Scope and Delimitations
This research study was limit and conducted only at EARIST SCIENCE
LABORATORY HIGH SCHOOL during the third grading period of the school year
2007-2008.
The respondents of the study were the third year students belonging to one
intact class in high school chemistry. The instrument used in this study was an
achievement test which serve both as the pre-test as post-test. This is used to
classify the student’s performance and learning outcomes of the students.
Different scientific games will be used to motivate and arouse the interests and
attention each students.
The class were divided into two groups namely, the control group (11)
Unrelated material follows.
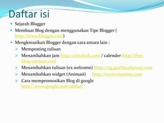 Dokumen tersebut memberikan instruksi lengkap untuk membuat blog menggunakan Blogger, termasuk cara memposting tulisan, menambahkan jam/kalender, gambar animasi, penerjemah Google, dan mempromosikan blog di Google.

pupils and the experimental group (11) respectively. The experimental group was
subjected to Scientific Games used as motivation in teaching chemistry, while the
control group was exposed to traditional method.
Definition of Terms
The following terms are defined operationally/conceptually for the better
understanding in the study:
18
Performance towards chemistry – it is a deposition of response favourably or
unfavourably towards science subject. In this study, the performance of the pupils
toward science is measured which strategy they learned better.
Interest toward Scientific Games – It refers to the favourable or unfavourable
response of the pupils toward Scientific Games as use in this study. It described
ones feeling toward the games was used. This tool was used only in the
experimental group to arouse pupils interests towards the lessons.
Control Group – It refers to the class that was exposed to the traditional
method.
Experimental group – In this study, this refers to the pupils who taught
chemistry using Scientific Games as motivation.
Scientific Games – These are playful motivational scientific activities played
according to rules.
Games – Method of teaching which involved both physical and mental
competition where active participation of students are required.
Lecture method - Also know as traditional method of teaching which is a
Teacher-oriented and is characterized with less student participation.
Games – Method of teaching which involved both physical and mental
competition where active participation of students are required.
Lecture - Also know as traditional method of teaching which is a Teacher-
oriented and is characterized with less student participation.
Pre-test – a test gives before the lecture.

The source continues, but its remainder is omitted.